Salary analysis approach
source_dataset and work_modality. Because salary_clean was parsed from heterogeneous text formats during cleaning, all salary figures are treated as approximations for exploratory purposes only.
Skills vs Stack Overflow technology overlap
A normalised name-matching comparison is run between the top 25 job-offer skills and the top 50 used/wanted technologies from Stack Overflow. The overlap count gives a rough signal of alignment between what employers list in offers and what professionals report using or wanting to learn.

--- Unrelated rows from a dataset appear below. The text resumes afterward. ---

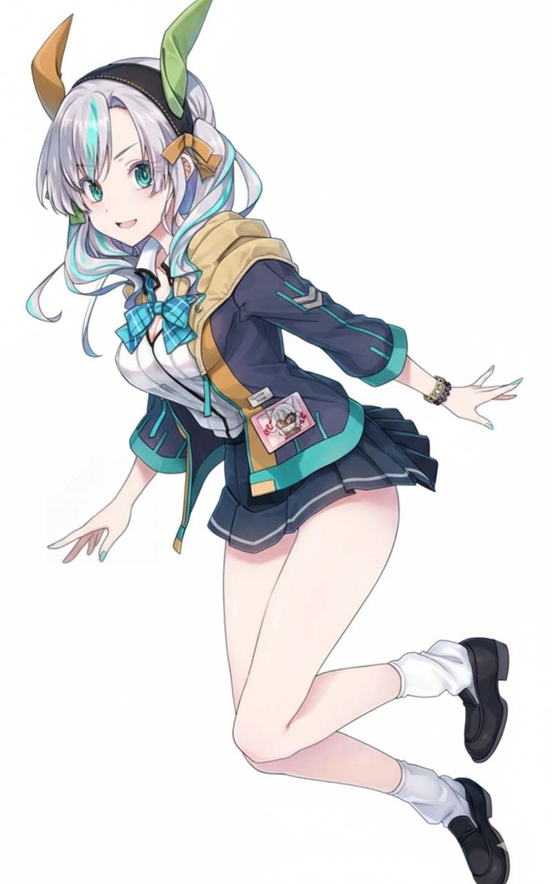 Schwertleite is a beautiful young girl with silver hair with teal stripes and teal eyes. She wears the Kuoh Academy’s uniform with a black skirt and blue ribbon. She also wears a black sweater mixed with beige and teal.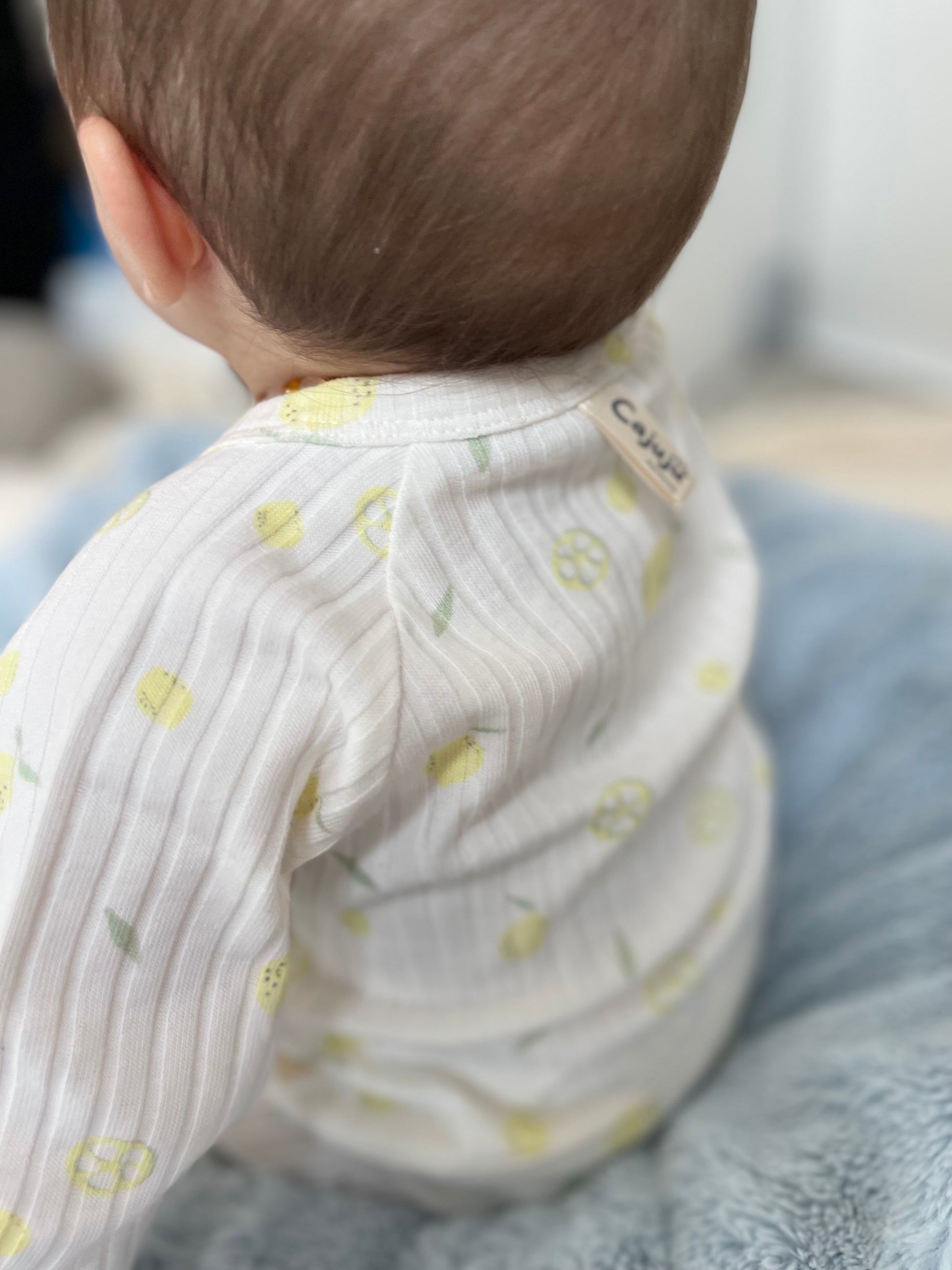 A camisola de trespasse evita a necessidade de passar pela cabeça, tornando o momento de vestir mais prático e confortável. Fecha com molas de pressão, ajustando-se com segurança e delicadeza ao corpo do bebé.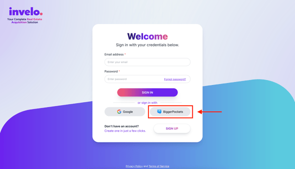 - If you don't have an Invelo account yet, sign up for an account in the Invelo registration page. Make sure to use the Sign up using BiggerPockets option.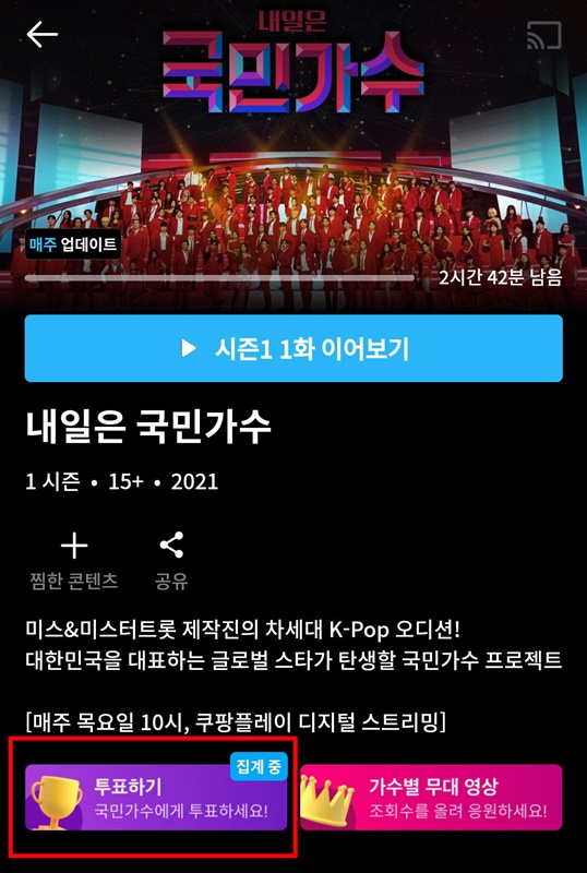내일은 국민가수가 3회 방송이 되었습니다. 화제가 되고 있는 내일은 국민가수 투표는 현재 쿠팡에서 하실 수 있는데 와우 회원이면 쿠팡 플레이를 다운받아서 한 번 더 투표를 하실 수 있습니다. 즉, 쿠팡에서 1번 투표, 쿠팡플레이에서 1번 투표 총 2번 투표를 하실 수 있으니 아래에서 다운받아서 투표하시기 바랍니다.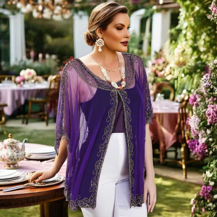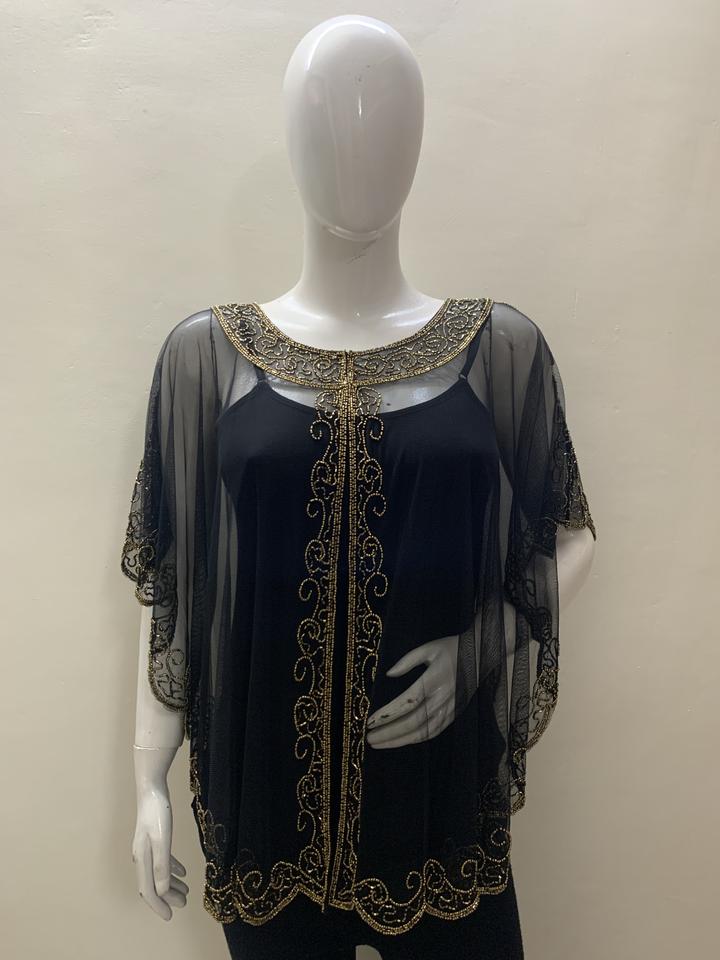 USA Women's 2025 Summer Soft Net Fabric T-Shirt Blouse Poncho Shrug Hand Embroidery Casual Dress Beach Evening Holidays Wear
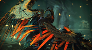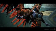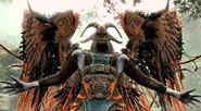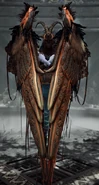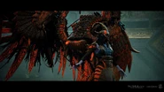 Kara is imprisoned under the Witch's House. Like all Valkyries, Kara's face is never shown and each Valkyrie would wear a very different type of helmet, the helmets would be themed together based upon a different creature. Kara wears a golden helmet inspired by a Ram, these masks are extenuate in all different directions, from various color choices to metalwork designs. The masks emitted regal beauty, while still being creepy in nature. Due to her corruption, her skin is an unhealthy pale blue. But one of the most striking elements of the Valkyries came in the design of their wings. Like the other Valkyries Kara had extremely large mechanical wings, Kara's wings were blueish grey, they are covered in golden metal plates as armor thus why they are mechanical in the first place. Like her sisters, her design showed her both skilled and refined. With each Valkyrie, hints of their past would be shown off in their armor sets – not looking completely polished and showcasing a long-and-tired past, such as in the torn feather designs on the helmets.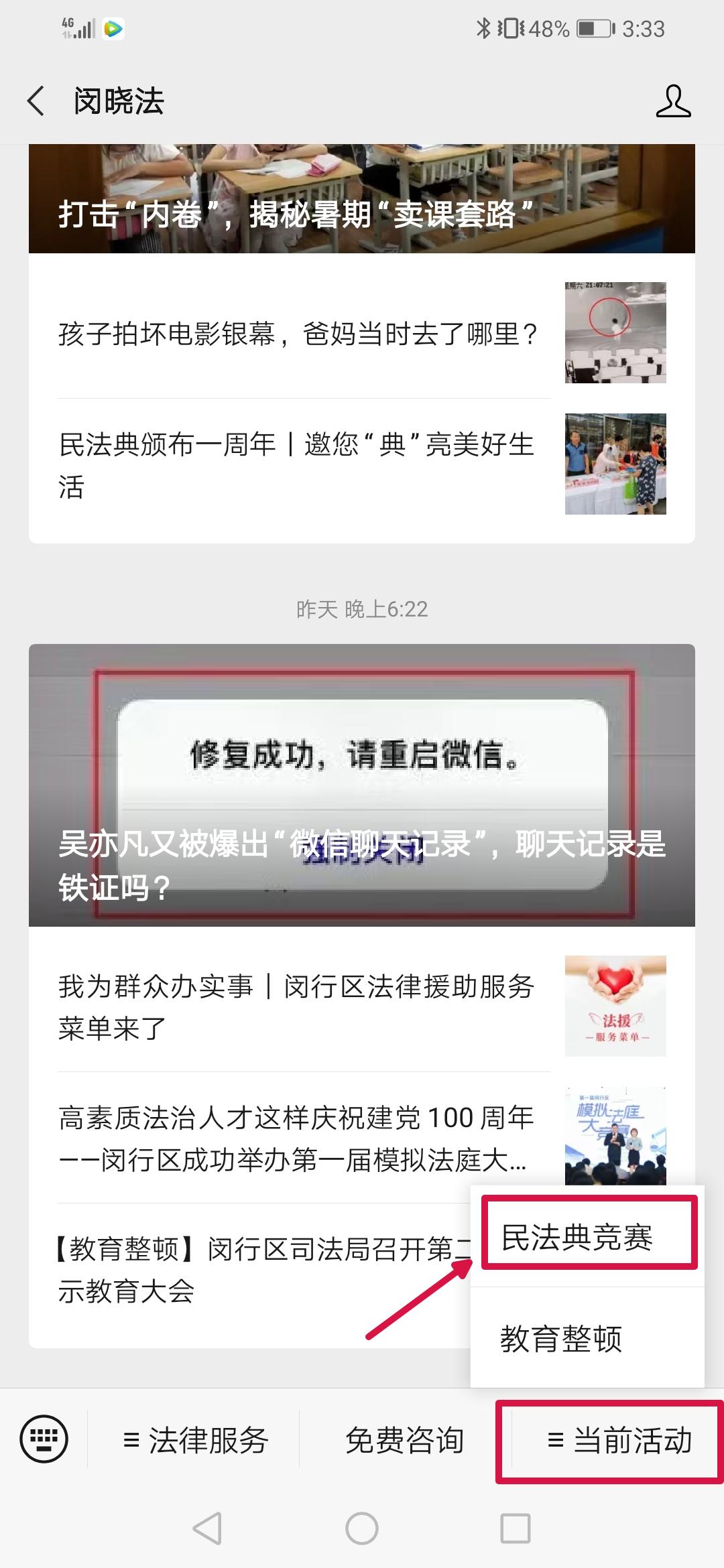 答题方法:关注“闵晓法”微信公众号,在手机下方子菜单“当前活动”中找到“民法典竞赛”进入答题页面即可答题。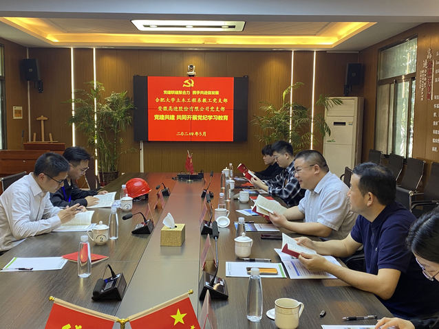 為深入學(xué)習(xí)貫徹《中國共產(chǎn)黨紀律處分條例》(以下簡稱《條例》),拓展黨紀學(xué)習(xí)教育形式,推動校企合作深度融合,2024年5月8日上午,城建學(xué)院土木工程系教工黨支部與安徽高迪股份有限公司黨支部開展“黨建聯(lián)建聚合力,攜手共進促發(fā)展”黨建共建活動。城建學(xué)院副院長劉偉帶隊,支部部分黨員教師參加。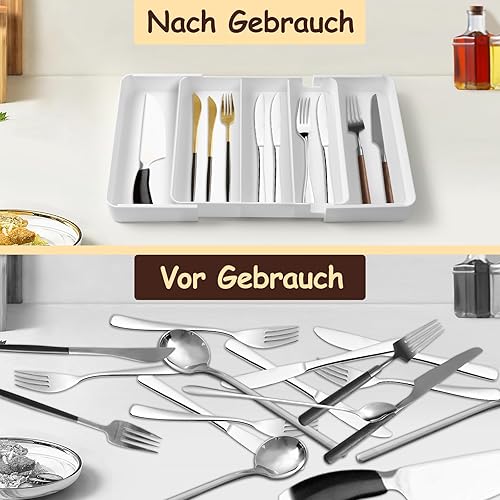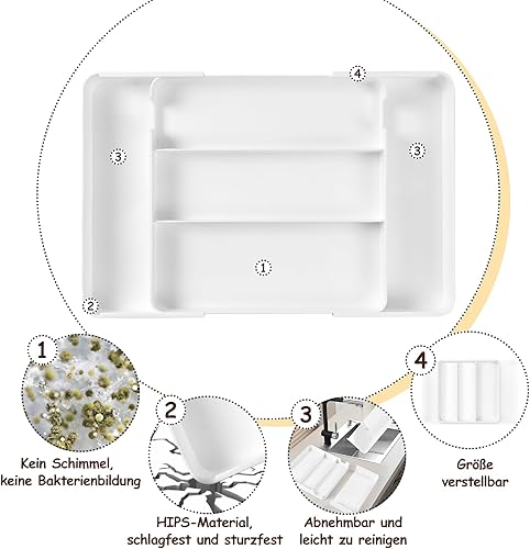 WUFANC Range Couverts Pour Tiroir, Range Couvert Tiroir De Taille Ajustable, RéSistant à L'Humidité, Facile à Ranger, Rangement Couverts Tiroir Cuisine Pour Organiser Couverts, Fourchettes, Blanc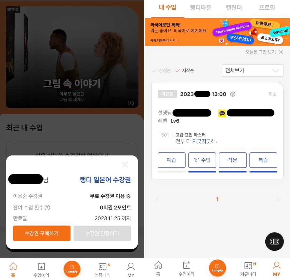 수업을 예약하면 MY탭에서 예약한 수업 정보를 볼 수가 있다. 선생님은 모두 원어민 선생님들인 것 같고, 무료 수업 주제는 정해져 있는 게 있는 듯하다. (내가 선택하거나 하지는 않았음)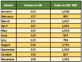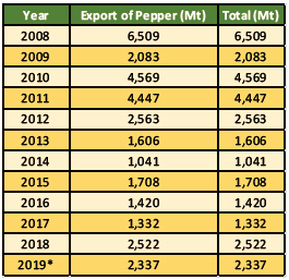 The number of pepper exports from China has reportedly fluctuated in 2019. As of November 2019, the total export by China was reported at 2,337 Mt with total value as high as USD 13.5 Million. The average pepper export from China was 212 Mt per month with an average value of USD 1.2 Million per month. As of November 2019, the highest export occurred in August with quantities reaching 526 Mt (Table 9). The high level of exports during that period correlated closely to China harvest season so that the stock of pepper was relatively high.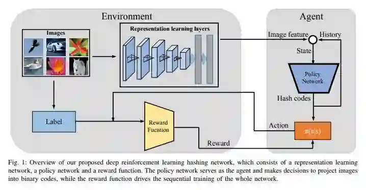 这种深度学习网络包括特征表示网络和策略网络。策略网络利用递归神经网络(RNN)作为代理,按时间顺序将图像投影为二进制代码。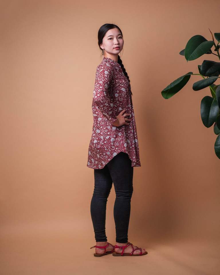 Daneen Bohemian Cotton Tunic Shirt Handcrafted Block Print Brown White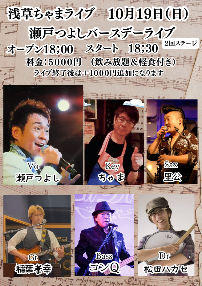 SCHEDULE イベント出演情報 TV・イベント・ライブ バースデー浅草ちゃまライブ 日時:10月19日(日) OPEN:18:00 スタート18:30 場所:浅草ちゃま 東京都台東区西浅草3丁目14-6 料金:5000円(飲み放題&軽食付き) ライブ後+1000円 ご予約はこちら 日時: 開場 開演 ご予約はこちら 日時: 開場: 開演: 場所: 料金: ご予約はこちら ご予約はこちら 日時: 開場: 開演: 場所: 料金: ご予約はこちら 日時: 開場: 開演: 場所: 料金: ご予約はこちら 日時: 開場: 開演: 料金: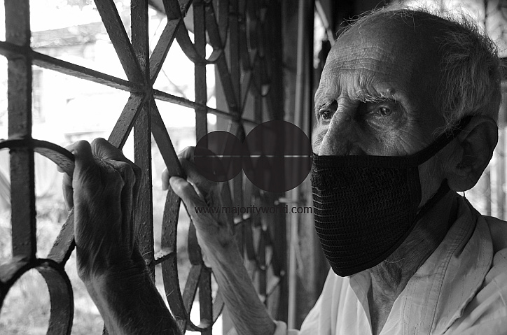 The sad old man in the time of lockdown for COVID-19 epidemic looking at the abandoned streets through his melancholic eyes, Nabagram; Hooghly. West Bengal; India.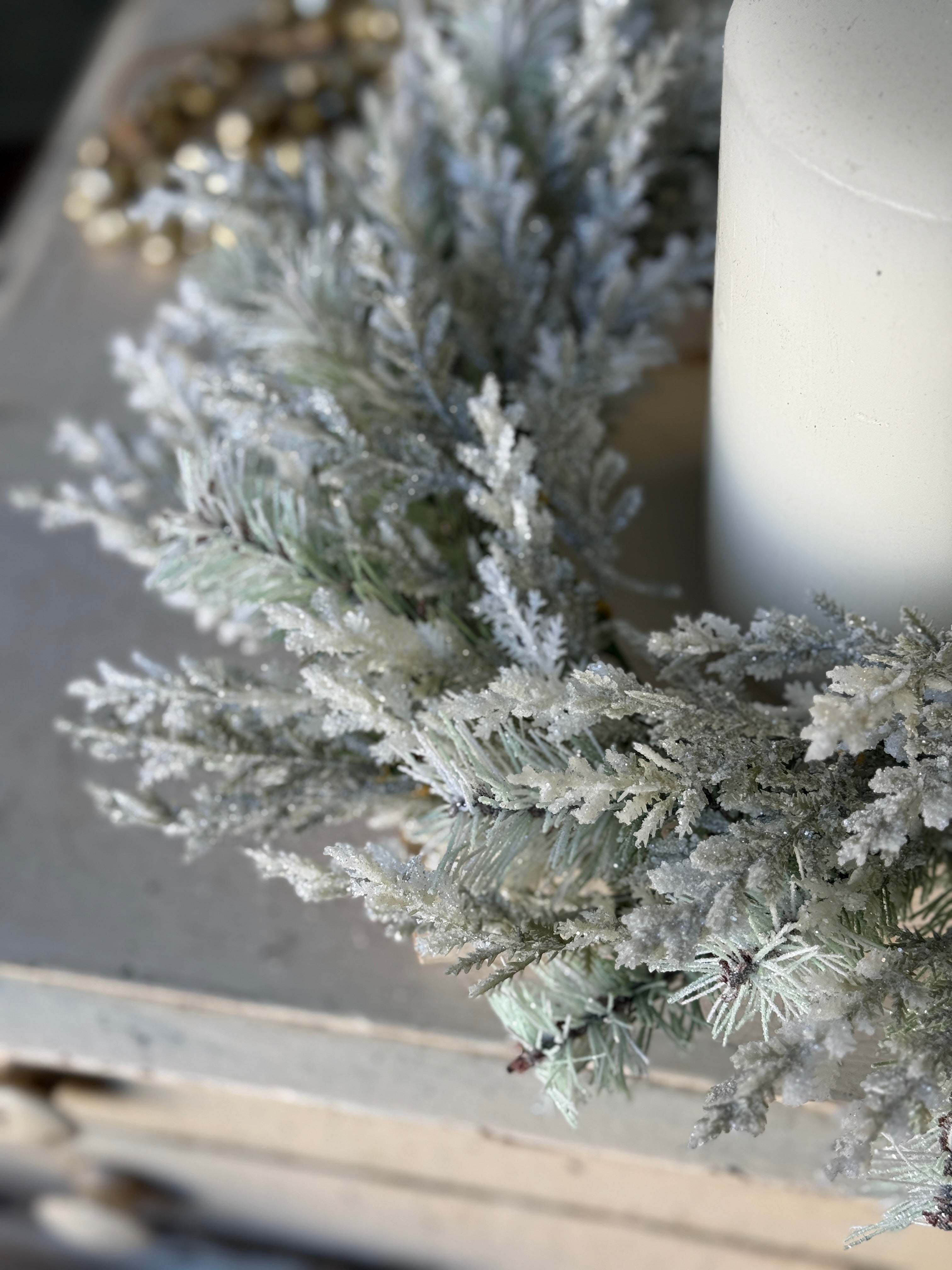 Frosted cedar greenery with a smattering of glitter makes a wintery collection that is easy to style and great for winter long use. Features decorative green berries for extra interest.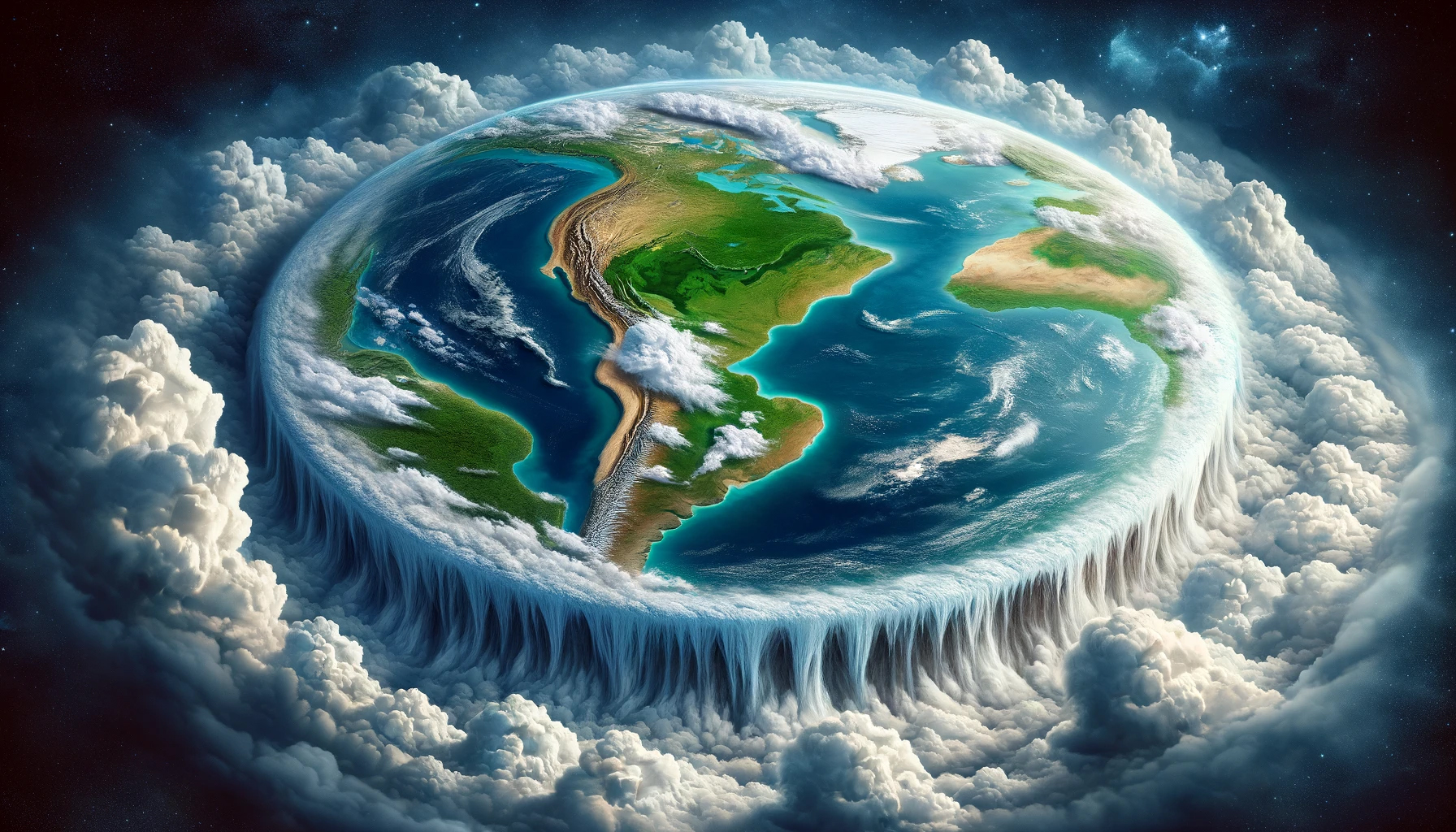 Vue de l'espace, la Terre est représentée comme un disque plat, vu de côté, avec des reliefs, un ciel nuageux et, au bord du disque, la mer qui déborde. La scène capture la nature fantastique du concept de la Terre plate, avec un accent sur le contraste surréaliste entre la Terre ronde connue et cette représentation imaginative. Le disque est détaillé avec des masses terrestres vertes, des chaînes de montagnes et des rivières, entouré par une vaste mer bleue qui se déverse sur les bords comme une cascade. Au-dessus, le ciel est un mélange de blanc et de bleu, parsemé de nuages duveteux, complétant ce paysage d'un autre monde.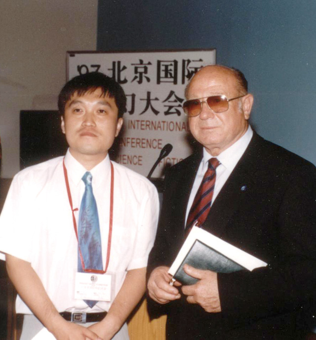 1997年吴岩与第一次太空行走的航天员列昂诺夫一起主持科幻会议

Due to naming inconsistencies across sources (e.g."powerbi" vs "Power BI"), the overlap is conservative.
Post-EDA exports
At the end of the notebook, enriched datasets are saved todata/eda/ so that 04-visualizations.ipynb consumes the validated, in-memory-enriched versions:
| Export file | Contents |
|---|---|
jobs_eda.csv | jobs_all_clean plus all derived EDA columns |
technology_rankings_eda.csv | Full technology ranking |
technology_rankings_used_eda.csv | Used-technology ranking |
technology_rankings_wanted_eda.csv | Wanted-technology ranking |
cleaning_validation_summary_eda.csv | Validation summary with any EDA-level fixes applied |
skill_technology_overlap_eda.csv | Skill ↔ technology overlap comparison table |
The visualisations notebook (
04-visualizations.ipynb) looks for these files in data/eda/ first and falls back to data/clean/ if they are absent. Running the EDA notebook before the visualisations notebook is therefore recommended but not strictly required.